Added by Charlie McDonald on 06 October 2009.
we also lived in achnamara, We were the Peats, has anyone any more pictures or know of us, My dad was James Peat mother Mabel, sisters Margaret, Mamie, Evelyn myself Audrey and twin brother James. Dad was in the forestry working with my two oldest sisters, He also played football, for who we dont realy know, We came to Australia in 1958, any information would be great. regards Audrey.

Added by Audrey Cooper on 31 October 2009.
If anyone here knew us please get in contact with me on my email address, We were the PEATS in number 19 My dad was James Peat. Mother Mabel, sisters Margaret, Mamie, Evelyn, Myself Audrey and twin brother James, any school photos or any other would be great, I do have some here with other children in Achnamara. I know one was my sister Evelyns friend, and my sister Mamie baby sat some of the children. I would like also to track down the football team my father played for, and photos as well, So if there is anyone there that has my father James Peat in a picture, please contect me. Thank you, Audrey.

Added by Audrey Cooper on 31 October 2009.
I lived in Achnamara at number 19 from 1950-58 (next boor to the Kavanas).
I then moved to Australia with my family where I still live now. I have very fond memories growing up as a child. If anyone has any photos of the area, I'd love to see them.

Cheers.
James Peat.

Added by James Peat on 31 October 2009.
Fiona Shaw, was related to my sister Margaret, her husband Archie Morrison was a cousin to their father, I think she still keeps in touch with Fiona. James Peat who has left comment on here is my twin brother.

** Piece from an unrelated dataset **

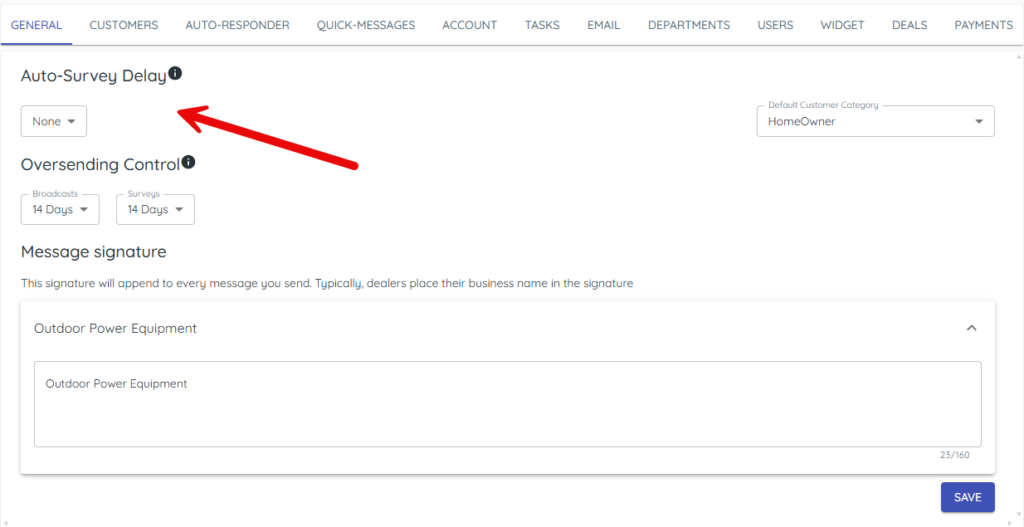 – For Auto survey delay, start with None or 1 day for fresher feedback.

Added by Audrey Cooper on 01 November 2009.
I have just received the comments from James Peat and Audrey Cooper and very pleased that they got in touch - I never thought that there would be so many responses since I sent my first contribution in March this year but, the more the better. I certainly knew James and Mabel, in fact my first attempt at dancing was with Mabel in the first dance held in the (then) new village hall.
Mention of the Kavanaghs reminds me that at that same dance 'Paddy'Kavanagh sang a song called ' The stone outside Dan Murphy's door'- how's that for a memory?
I worked a lot in the forestry with Margaret and Mary ( I presume that Mary and Mamie are one and the same)although my memories of Evelyn and James are pretty vague. My niece Joy, who has contributed to this site a couple of times, would probably remember them better. Regarding James and playing football the only team that I can think he may have played for was a local team called the Forestry Rangers who, I think, played their home games in Ardrishaig - but he may have played for other teams.
I have visited Achnamara fairly frequently over the years and have some photographs but I'm not very good at attaching things to emails so if yourself, Audrey, and James care to advise me of your postal addresses I would be happy to send copies.
Incidentally, thinking of Margaret, there was a time when she was the girlfriend of Danny Murphy - he lodged with my sister Nan and Robert Guthrie at No 5 and was a Accordionist who started a Band and played at dances in Ardrishaig, Kilmartin, Bellanoch, Campbeltown etc. I have a photo of Danny and would send you a copy if you want.
Donald Ferguson,
5 Ardbeg Road.
Rothesay.
Isle of Bute.
PA20 0NJ


Added by Donald Ferguson on 01 November 2009.
If my memory serves me right did the minister at the church not have a speech impediment or was his face disfigured in some way. One of the women from the village who work in the kitchen used to wear a Rangers scarf when dishing out the dinners and kept us informed of what was happening on the fitba scene back in Glasgow...sadly Rangers were beaten one nil by Celtic in the Scottish League Cup Final when I was there. There used to be a fitba park up and the back up from the house which was a novelty to us wee Glesga Keelies as it was grass and we were used to playing on the streets or black ash parks back home in Glasgow.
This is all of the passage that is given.